Les flux d’argent progressent de 21,6 % en Amérique latine et dans les Caraïbes, particulièrement dans les pays qui ont accueilli ces derniers mois des migrants en transit vers les Etats-Unis, notamment au Mexique, ce qui laisse penser qu’une partie des sommes a servi à payer des passeurs. L’autre hypothèse est l’arrivée massive de télétravailleurs américains dans ces pays pendant le confinement, ce qui aurait entraîné d’importants transferts de devises.

« Processus entravé »

Des hausses sont plus spécifiques à certaines régions, comme celles à partir des pays du Golfe et de la Russie, dont les économies tirent profit de la hausse des cours du pétrole, ou encore vers des pays en crise comme le Liban ou le Yémen. Dans le reste du monde, la hausse est comprise entre 5 % et 10 %, sauf en Asie de l’Est (hors Chine) où elle ne devrait progresser que de 1,4 %.

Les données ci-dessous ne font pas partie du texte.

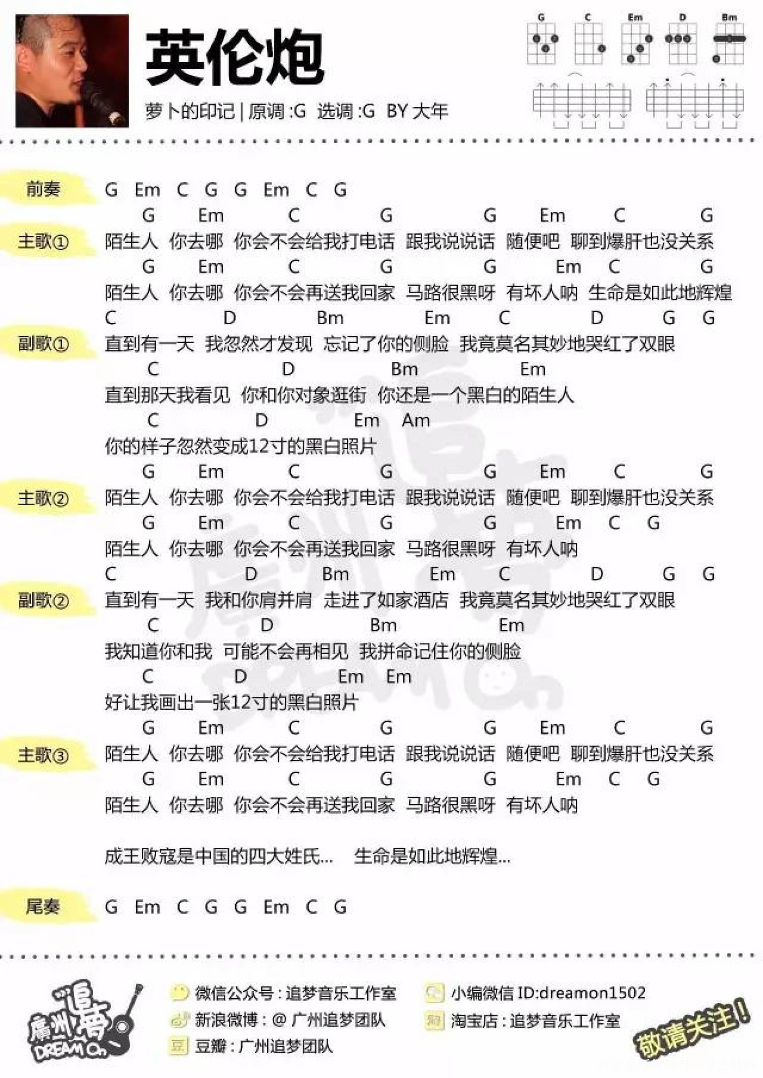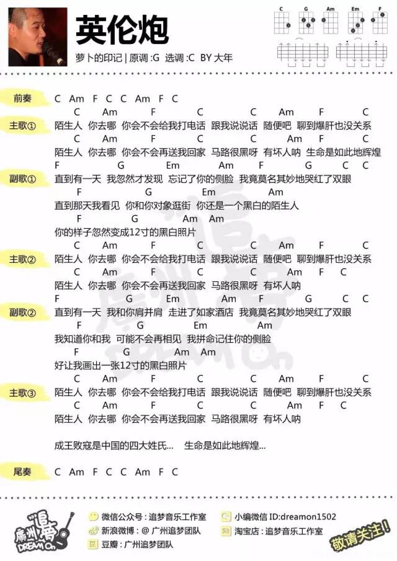 曲谱介绍: 英伦炮 | 萝卜的印记 天黑走夜道,天亮睡大觉,不问成败荣辱,只呻无病之吟! 尤克里里曲谱 女生谱 男生谱

Les transferts devraient continuer de progresser en 2022, mais à un rythme moins soutenu du fait de l’arrêt des plans de relance budgétaires

Les migrants partent travailler à l’étranger malgré des coûts exorbitants. Un Bangladais paie en moyenne l’équivalent de vingt mois de son salaire à des agents, en Arabie saoudite, pour y trouver un travail. Il est aussi plus difficile pour eux de trouver un emploi. La Banque mondiale note que « la baisse du nombre de travailleurs étrangers dans les pays du Golfe » est une « tendance de fond inquiétante du point de vue [des] pays à bas et moyen revenu ».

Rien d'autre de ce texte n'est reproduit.